Pedang yang Menyimpan Jiwa Lama
Lentera-lentera istana memancarkan cahaya temaram, menari-nari di dinding saat Angin Malam berbisikkan rahasia. Di tengah taman yang ditaburi bunga plum, Lady Baihua berdiri. Gaun sutra birunya, sehalus air terjun di pegunungan, melambai pelan. Wajahnya, seindah lukisan dewi, tampak tenang. Namun, di balik ketenangan itu, ombak kesedihan menghempas.
Dulu, tawa renyah Baihua sering menggema di taman ini. Dulu, matanya memancarkan binar cinta setiap kali menatap Pangeran Li Wei. Cinta mereka, seperti anggrek bulan, langka dan indah. Pangeran berjanji akan membawanya ke altar, menjadikannya ratu dari kerajaannya. Janji yang diucapkan di bawah pohon sakura yang sedang bermekaran, janji yang kini berubah menjadi BELATI yang menusuk jantungnya.
Senyumnya menipu. Pelukan Li Wei terasa hangat dulu, kini Baihua merasakan racun yang perlahan menyebar. Ia mengingat bagaimana jari-jari Li Wei, yang dulu dengan lembut membelai rambutnya, kini melingkari pinggang Putri Meihua, rivalnya yang licik.
Pengkhianatan adalah luka yang menganga. Namun, Baihua tidak menangis. Ia adalah Lady Baihua, wanita dengan keanggunan yang tak tertandingi, seorang ahli strategi yang ulung. Ia tidak akan membiarkan air matanya menodai kehormatannya.
Ia melangkah mendekat ke kolam ikan mas. Di sana, terpantul wajahnya, tenang namun dingin. Tangan halusnya menyentuh gagang pedang yang selalu dibawanya. Pedang itu bukan sekadar senjata, melainkan tempat bersemayam jiwa lama, jiwa para leluhurnya yang bijaksana.
Rencana balas dendam Baihua tidak melibatkan darah. Ia tidak akan merendahkan dirinya dengan kekerasan. Balas dendamnya adalah permainan catur yang panjang dan rumit, di mana Li Wei dan Meihua hanyalah bidak yang mudah dikendalikan.
Ia memulai dengan menyebarkan desas-desus tentang kecerobohan Li Wei dalam mengelola wilayah perbatasan, membisikkan keraguan di telinga kaisar. Ia menanam benih ketidakpercayaan di antara para pejabat istana, menciptakan intrik yang akan meruntuhkan kekuasaan Li Wei dari dalam.
Kepada Meihua, ia memberikan pujian yang berlebihan, membuat sang putri besar kepala dan melakukan kesalahan fatal demi kesalahan fatal. Ia membiarkan Meihua terperangkap dalam jaring pujiannya sendiri, hingga akhirnya jatuh terjerembab di depan seluruh istana.

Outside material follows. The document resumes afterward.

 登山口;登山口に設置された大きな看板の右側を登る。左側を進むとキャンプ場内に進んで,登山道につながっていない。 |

Li Wei akhirnya kehilangan segalanya: tahta, kehormatan, dan yang terpenting, cinta sejati. Ia ditinggalkan dalam penyesalan yang abadi, menyadari betapa bodohnya ia telah menyia-nyiakan Baihua demi kilauan palsu.
Baihua menyaksikan kejatuhan mereka dari kejauhan, tanpa sedikit pun rasa puas. Kemenangan ini terasa pahit. Ia telah membalas dendam, tetapi jiwanya terasa hampa. Ia meraih pedangnya, merasakan dinginnya baja yang menenangkan.

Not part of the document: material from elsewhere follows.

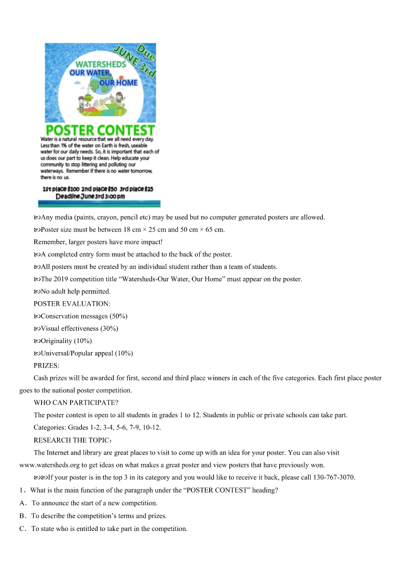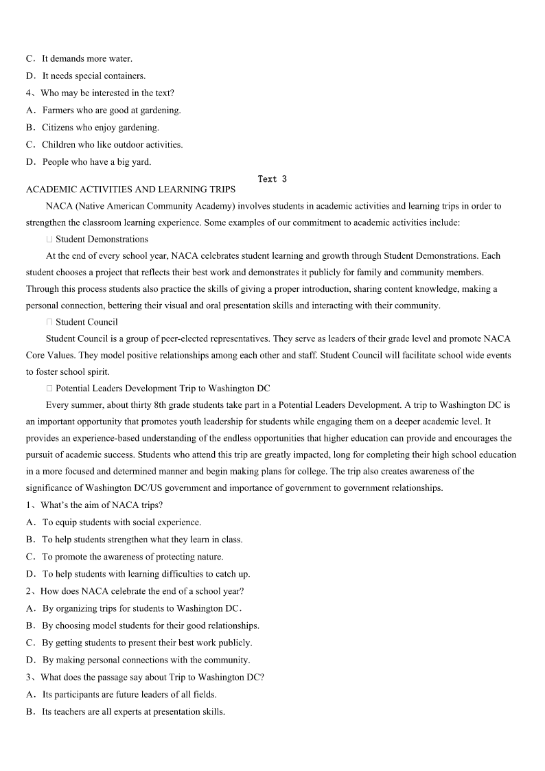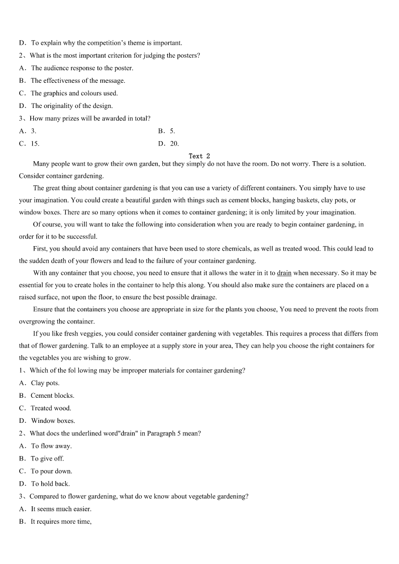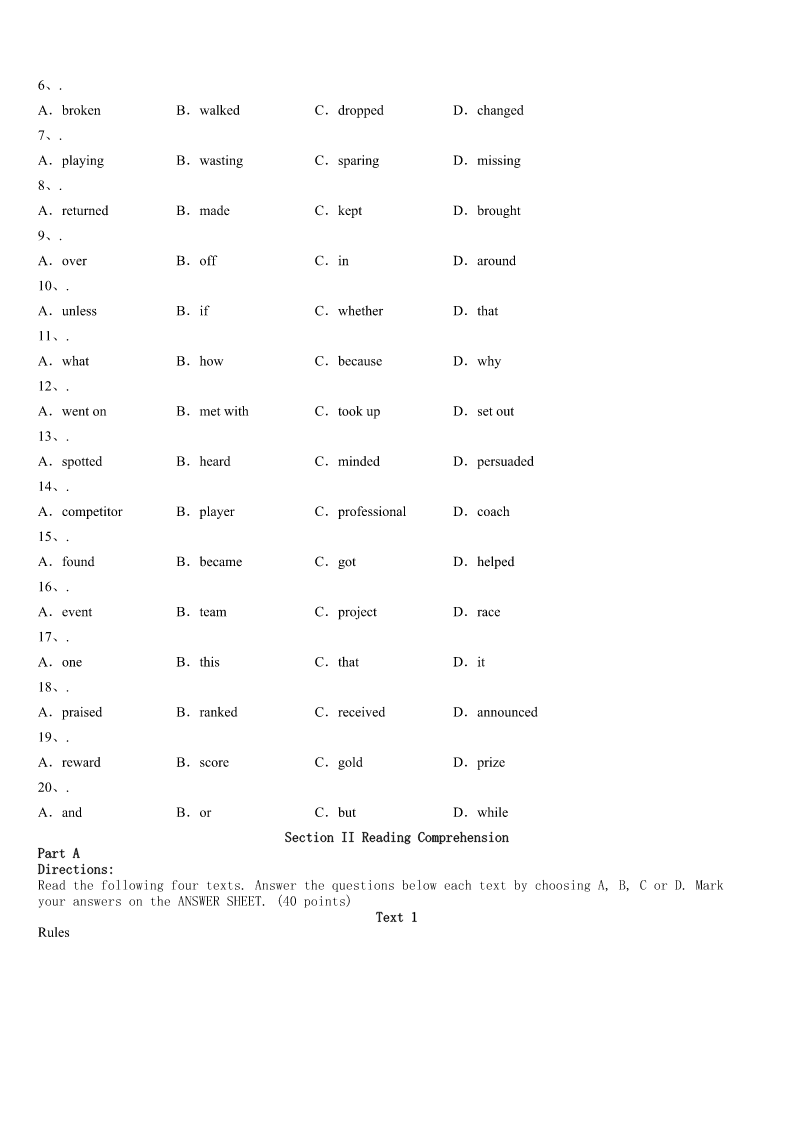 考研《英语一》广西壮族梧州市岑溪市2023年高分冲刺试题 SectionIUseofEnglish Directions: Readthefollowingtext.Choosethebestword(s)foreachnumberedblankandmarkA,B,CorDonthe ANSWERSHEET.(10points) Chinesetennisisenteringagoldentime.Inrecentyearstherehasbeenanexplosionof1femaletennisplayersburstingonto theglobalscene.Andthiscouldn’thavecomeata2timewiththe2008BeijingOlympics. Theseyounggirlshave3strongwillandtalent.4thewayisLiNa,whomayhavethe5nameinwomen’stennis,but shehasabigreputation.LiNaisChina’stoprankedplayerandthefirsttohave6intotheworld’stop20. After7nearlysixmonthsoftheseasonwithaseriousinjury,the25yearold8animpressivecomebackbywinningthe AustralianWomen’sHardcourtTennisChampionships. Intheworldofprofessionaltennis,Li’srefreshingsenseofhumorprovedtobeahitbothonand9thecourt. “Myhusbandsaidhehadaspecialgiftforme10Iwon,”LiNasaidafterliftingtheprizecup.“That’s11Itriedsohard today.Iwantedaspecialgift.” TheWuhangirl12tennisattheageofeightafterbeingdiscoveredbyacoachwhohad13herplayingbadminton.After yearsofhardtraining,LiNaturned14in1999andhasbecomeoneofthemostsuccessfulChinesetennisplayers. Withhersolidgroundstrokeandaggressivemindset,she15thefirstChinesetennisplayertowinaWTATour16Then twoyearslater,shewasthefirstChinesetomake17intothelast16ofWimbledon,whichledtoherbeing18number16 intheworldlastJanuary. Liisnowlookingforwardtowinninga19attheOlympics.“TheOlympicsareveryimportantforus,”shesaid.“Iammore motivatedaftermyrecovery20IfeelmydesirefortheOlympicsisbiggerthaneverbefore.” 1、. A.pleasedB.talentedC.excitedD.interested 2、. 20080801 20080801 20080505 20080505 A.goodB.betterC.bestD.well 3、. A.muchB.eitherC.bothD.some 4、. A.KnowingB.LeadingC.ShowingD.Finding 5、. A.biggestB.longestC.smallestD.shortest 6、. A.brokenB.walkedC.droppedD.changed 7、. A.playingB.wastingC.sparingD.missing 8、. A.returnedB.madeC.keptD.brought 9、. A.overB.offC.inD.around 10、. A.unlessB.ifC.whetherD.that 11、. A.whatB.howC.becauseD.why 12、. A.wentonB.metwithC.tookupD.setout 13、. A.spottedB.heardC.mindedD.persuaded

Di akhir hayatnya, Li Wei, sendirian dan terlupakan, bergumam, "Aku… aku telah menghancurkan kebahagiaanku sendiri…"
Baihua menatap langit malam, bibirnya membentuk senyum tipis yang getir. Ia berbisik, "Penyesalanmu adalah balas dendamku yang sesungguhnya."
Cinta dan dendam… lahir dari tempat yang sama.